The ‘bird flu’ is without doubt one of Hong Kong’s most significant medical discoveries. A poll by the Hong Kong Medical Association ranked bird flu as the number one medical event in 1997. Its coverage flooded the international news, magazines and scientific journals. The disappearance of bird flu cases since the beginning of 1998 still leaves a lot of questions to be answered, a lot of work to be done.

The bird flu virus, more properly termed influenza A H5N1 virus, was first identified in August 1997 by scientists at the Centres for Disease Control and Prevention, Atlanta and the National Institute of Public Health Research Laboratory in Netherlands from a tracheal aspirate specimen of a boy who suffered from respiratory distress and died in May 1997. A quiescent period followed before more cases were found in November and December 1997. All together a total of 18 cases were confirmed.

There are several notable features about the cases. Eleven of the 18 cases are children under age 15. Initial clinical presentations are just like an ordinary flu, but this H5N1 virus has a propensity to cause pneumonia and respiratory distress rapidly in some patients, even those who are previously healthy. Six people had died while five other patients had history of respiratory distress, but some in the latter group required intensive care before they recovered. Young children seemed to have milder illnesses than adults.

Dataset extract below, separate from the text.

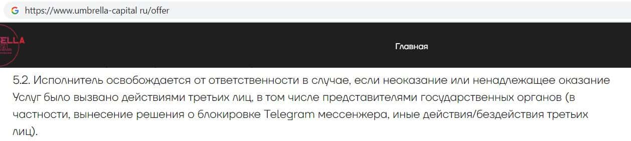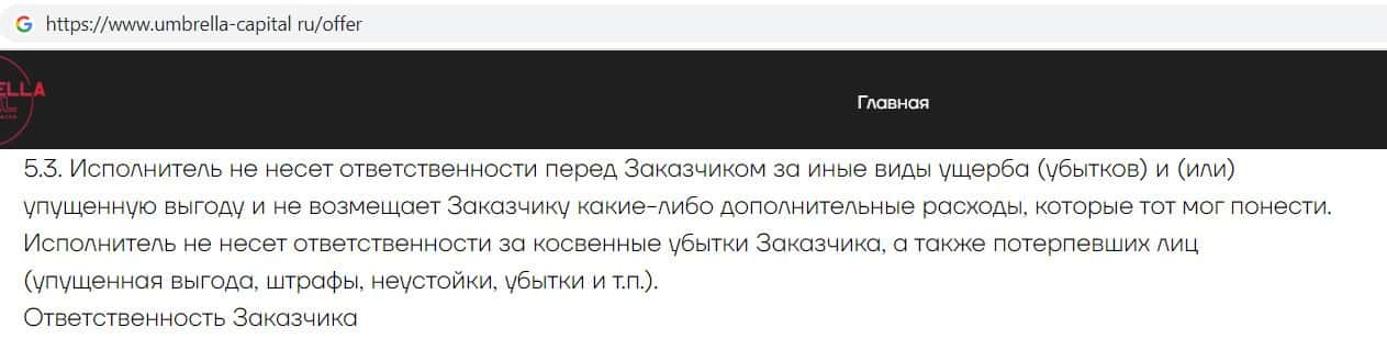 Ещё лохотрон Амбрелла Капитал указал в своём соглашении пункт, согласно которому освобождается от любой ответственности за прямые или косвенные денежные потери клиентов.

We already know something about the transmission of the H5N1 virus. A cross sectional seroprevalence study, the result of which was released in December 1997, showed that poultry workers seemed to have a higher prevalence of antibody to the H5N1 virus than the rest of the population. Gene sequencing revealed the H5N1 viral genes to be entirely avian in origin. Analysis of the cases also found a number of them had had contact with live poultry during the incubation period, and in two cases, chickens infected with H5N1 were found near their residence. These pieces of evidence established the main mode of transmission as bird-to-man. The possibility of man-to-man transmission is still open, though it must be very inefficient at this time. Further cohort and case control studies have been done to quantify the risk associated with poultry exposure, the efficiency of man-to-man transmission etc and the results are still pending.

More research is also needed in the identification and treatment of influenza H5N1. Virus culture, the gold standard for H5N1 confirmation, takes time. There are a variety of diagnostic tests that yield more rapid results, but their specificity need to be improved. (Directigen tests only identify influenza A including H5 but cannot differentiate H5 from other group A influenza virus). The virus is sensitive to amantadine, but the drug has rather significant gastrointestinal and neurological side effects. Its analogue, rimantadine, is better tolerated but much more expensive. New antiviral drugs, the neuraminidase inhibitors, are under trial and show some promise.

Vaccination poses a tricky problem. WHO vaccine production centres are making progress in search of a ‘seed virus’ candidate suitable for making a vaccine. But even when a vaccine becomes available, the decision to use it is not at all straightforward. The US swine flu in 1976 is a classic example to learn from, in which hundreds of thousands of people were vaccinated for an epidemic that never came. Above all there is the question of vaccine safety and liability issue. This is a new vaccine and we have little experience on. The WHO stance is that in the absence of efficient man-to-man transmission, vaccination of the population is not warranted.

The Hong Kong flu in 1968 was estimated to result in an attack rate of about 15%. Studies overseas cited an attack rate for community influenza epidemics ranging from 10% to 25%. It is of course uncertain if H5N1 could evolve into a pandemic strain with similar attack rates. But if it did, it would have very major socio-economic repercussions, not just in Hong Kong but worldwide.